Part 3: Compound Interest ( 10 points) A fast-food restaurant manager has saved \( \$ 15,000 \) for investment and is planning to invest the money in a retirement savings account offering \( 5.95 \% \) interest, compounded monthly. The amount of time it would take the manager to reach a balance of \( \$ 65,000 \) can be modeled by the equation log \( 4.33333=\log (1.00495833)^{12 t} \). Solve for the time in years, rounded to the nearest tenth of a year, showing all steps.

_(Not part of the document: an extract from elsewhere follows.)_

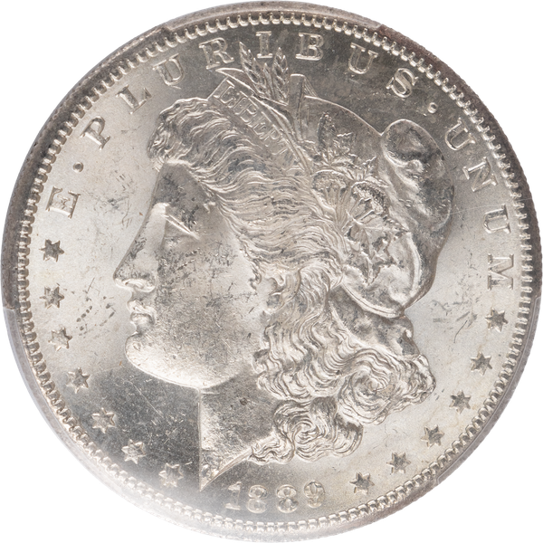 This large 90% silver Morgan dollar bears George T. Morgan's classic depiction of Liberty facing left in a Phrygian cap and a spray of leaves held by a ribbon inscribed LIBERTY. The reverse features an eagle clutching a branch and three arrows.

To solve for the time \( t \) in years, we start with the equation provided: \[ \log 4.33333 = \log (1.00495833)^{12t} \] Using the logarithmic power rule, we can move the exponent in front: \[ \log 4.33333 = 12t \cdot \log(1.00495833) \] Next, we isolate \( t \) by dividing both sides by \( 12 \cdot \log(1.00495833) \): \[ t = \frac{\log 4.33333}{12 \cdot \log(1.00495833)} \] Now, we will calculate \( \log 4.33333 \) and \( \log(1.00495833) \): 1. Using a calculator: - \( \log 4.33333 \approx 0.6386 \) - \( \log(1.00495833) \approx 0.00215 \) Substituting these values into the equation for \( t \): \[ t = \frac{0.6386}{12 \cdot 0.00215} \] Calculating the denominator: \[ 12 \cdot 0.00215 \approx 0.0258 \] Now we can calculate \( t \): \[ t \approx \frac{0.6386}{0.0258} \approx 24.752 \] Rounding to the nearest tenth: \[ t \approx 24.8 \] Thus, the manager will take approximately \( 24.8 \) years to reach a balance of \( \$65,000 \).